╭─ Exercise inputs

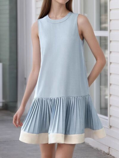 Sleeveless Pleated Hem Dress
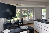 Die Küche ist voll ausgestattet inklusive einer Mikrowelle, einem Backofen und einem Geschirrspüler.
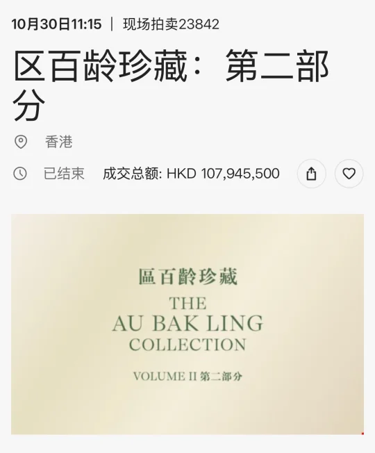 今日下午,“区百龄珍藏”第二部分拍卖以逾1亿港币圆满收槌,市场表现依然稳健。在浏览辉煌战绩之余,一个细节尤为耐人寻味:全场45件标的,其Lot号竟悉数避开了数字“4”!!! 这何尝不是一种最动人的致敬?以这般中国式浪漫,借一个刻意缺席的数字,向老先生那一代人所恪守的传统与风骨,致以最深长的敬意。在理性至上的商业场域里,这份无声的体贴,恰似一滴墨落入清水,晕染开的是千年文化积淀下,独有的人文温度。 这大概就是中国人血脉里的共鸣吧,对此大家怎么看呢,快来评论区交流分享![害羞R]
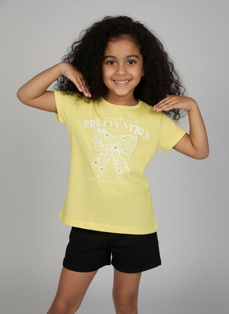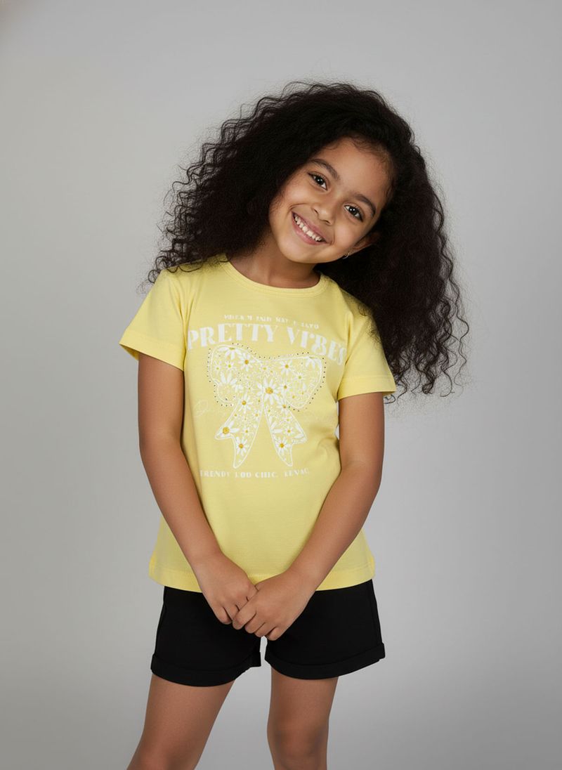 A Blusa Infantil Amarela de Algodão Caedu oferece o máximo conforto e estilo para as pequenas. Confeccionada em algodão macio, esta blusa infantil amarela possui delicados detalhes em strass, perfeita para compor looks cheios de charme e versatilidade na moda infantil.
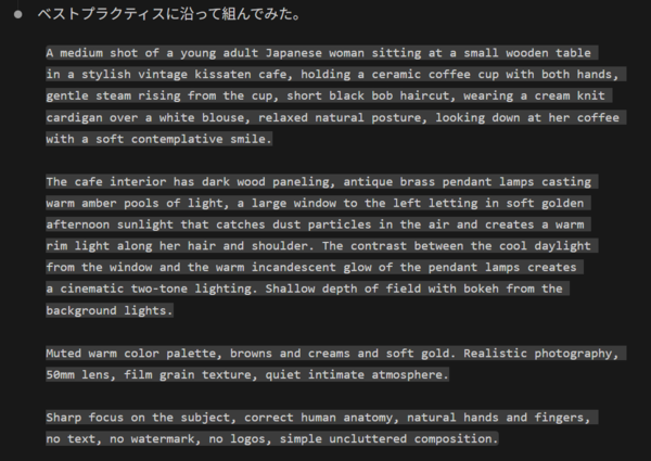 まず、Z-Image Turboのプロンプトガイドが存在しないかWeb検索をして探させます。その結果、GitHubにコミュニティにより開発されたilluminatianonさんがまとめているプロンプトガイドが英語で存在していたため、そこから「Z-Image Turbo ベストプラクティスガイド」をMDファイルとしてまとめさせました。それによると、Z-Image Turboは、ポジティブプロンプトに以下の全部のプロンプトを盛ると、効果が出やすいということがわかりました。

╰─

What you should do: Every entry must be transcribed exactly. Pictures do not belong in the copy.

Exercise output:
 Sleeveless Pleated Hem Dress
 Die Küche ist voll ausgestattet inklusive einer Mikrowelle, einem Backofen und einem Geschirrspüler.
 今日下午,“区百龄珍藏”第二部分拍卖以逾1亿港币圆满收槌,市场表现依然稳健。在浏览辉煌战绩之余,一个细节尤为耐人寻味:全场45件标的,其Lot号竟悉数避开了数字“4”!!! 这何尝不是一种最动人的致敬?以这般中国式浪漫,借一个刻意缺席的数字,向老先生那一代人所恪守的传统与风骨,致以最深长的敬意。在理性至上的商业场域里,这份无声的体贴,恰似一滴墨落入清水,晕染开的是千年文化积淀下,独有的人文温度。 这大概就是中国人血脉里的共鸣吧,对此大家怎么看呢,快来评论区交流分享![害羞R]
 A Blusa Infantil Amarela de Algodão Caedu oferece o máximo conforto e estilo para as pequenas. Confeccionada em algodão macio, esta blusa infantil amarela possui delicados detalhes em strass, perfeita para compor looks cheios de charme e versatilidade na moda infantil.
 まず、Z-Image Turboのプロンプトガイドが存在しないかWeb検索をして探させます。その結果、GitHubにコミュニティにより開発されたilluminatianonさんがまとめているプロンプトガイドが英語で存在していたため、そこから「Z-Image Turbo ベストプラクティスガイド」をMDファイルとしてまとめさせました。それによると、Z-Image Turboは、ポジティブプロンプトに以下の全部のプロンプトを盛ると、効果が出やすいということがわかりました。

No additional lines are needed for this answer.